- Deb Watters
Let Us Do Good (Galatians 6:9-10)
And let us not grow weary of doing good, for in due season we will reap, if we do not give up. 10 So then, as we have opportunity, let us do good to everyone, and especially to those who are of the household of faith. —Galatians 6:9-10
When I grow tired of something, it helps to remind myself of the importance and reward of the task. It’s like an internal pep talk to remind myself, “this is so worth the effort.” Many years ago, when my husband and I biked through Europe for 4 months with our bikes laden with heavy packs, it was looking forward to seeing the next long-awaited town that motivated us through challenges like flat tires, long mountain ascents, heavy rains, sweltering heat, headwinds, or biting cold. These days as a parent, it is the desire to see my children grow to be joyful God-honoring adults that prompts me to take the time to train and encourage when it would be easier to do so many other things.
Likewise in Galatians, Paul spurs believers to persevere in good works by reminding them of the reason for their work: “for in due season you will reap.” Believers, our work is not in vain because we will reap! Paul explains this well in 1 Corinthians 15, where he builds a case for our assurance of future reaping.
“For this perishable body must put on the imperishable, and this mortal body must put on immortality. When the perishable puts on the imperishable, and the mortal puts on immortality, then shall come to pass the saying that is written: ‘Death is swallowed up in victory. O death, where is your victory? O death, where is your sting?’ The sting of death is sin, and the power of sin is the law. But thanks be to God, who gives us the victory through our Lord Jesus Christ” (1 Corinthians 15:53-56).
Because Christ suffered and died for our sins and because his punishment satisfied the law, therefore death has no sting, therefore we have victory through Jesus Christ , and therefore we can look forward to immortal, imperishable bodies raised in power and glory. Paul’s conclusion is glorious: “Therefore, be steadfast, immovable, always abounding in the work of the Lord, knowing that in the Lord your labor is not in vain” (1 Corinthians 15:58).
It is on this bedrock foundation of truth that Paul stands when he says, “let us not grow weary of doing good, for in due season we will reap”. Friends, if you are weary or losing momentum in your walk with the Lord, remember that God’s promise of reaping means your labor is not in vain.”
As if that weren’t enough, Paul elaborates to the Ephesian believers on another more fundamental reason that we should persevere and not grow weary of doing good. It is because we were created for such works.“For we are his workmanship, created in Christ Jesus for good works, which God prepared beforehand, that we should walk in them” (Ephesians 2:10).
So doing God-honoring, Spirit-empowered work is at the core of who we are as believers. That truth is compelling. A believer balking at doing the work of the Lord is akin to a fish not wanting to swim. Abounding in good works should be our very nature; we were made for this. So when we grow weary in this race, let us take these truths and set our eyes ahead on the joy that awaits.
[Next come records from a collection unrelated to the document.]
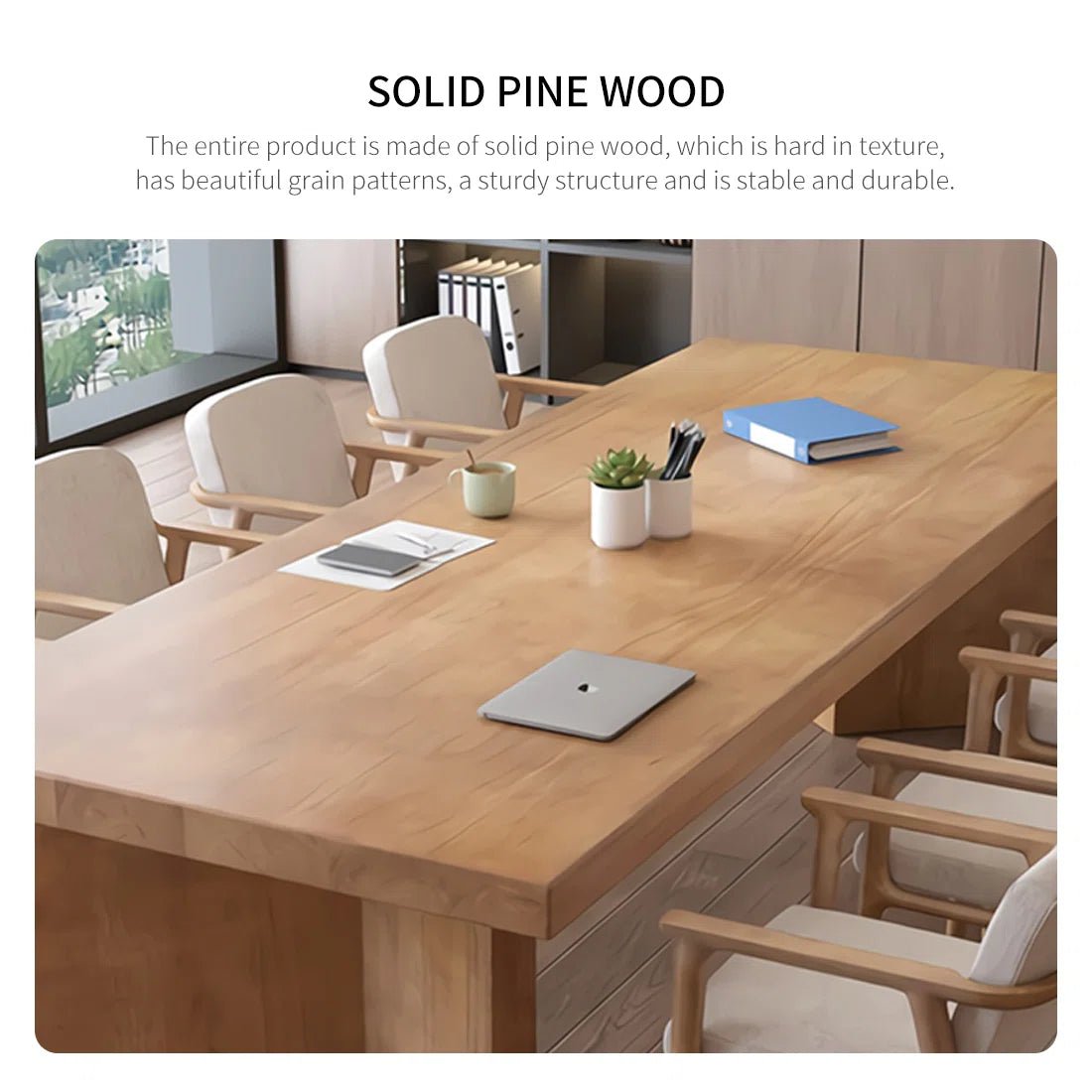 This minimalist solid-wood conference table exudes natural charm and seamlessly fits into a variety of spaces. Crafted from high-quality solid pine, it is thick, durable, and features a beautiful grain with a sturdy structure. Finished with water-based paint, it’s eco-friendly and colorfast. The spacious tabletop and uniquely shaped solid-wood legs provide exceptional comfort and stability.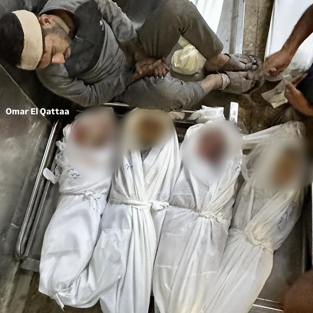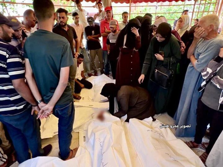 Scene strazianti del funerale di Nasser Abu Jarad, di sua moglie Yasmin e dei loro figli Nasser, Ghassan, Waseem e Rimas, tutti uccisi questa mattina in un attacco aereo israeliano sulla loro tenda per sfollati nella città di Gaza.
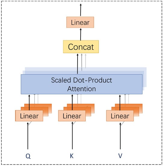 We used a multi-headed attention mechanism based on self-attention, which allows for the better extraction of multiple semantics. The structure is shown in Figure 3. The calculation equations are as follows.

“… let us run with endurance the race that is set before us, looking to Jesus, the founder and perfecter of our faith, who for the joy that was set before him endured the cross, despising the shame, and is seated at the right hand of the throne of God. Consider him who endured from sinners such hostility against himself, so that you may not grow weary or fainthearted” (Hebrews 12:1b-3).
What opportunities for Christ-exalting work has God put in your path this week?
In your weary, fainthearted moments, ask yourself whether your eyes are looking to Jesus or to your circumstance?
How would you gauge your enthusiasm and zeal for the Lord and His work this week?
Ask yourself whether your good works are an overflow of your relationship with God or are they your efforts to earn the praise of others?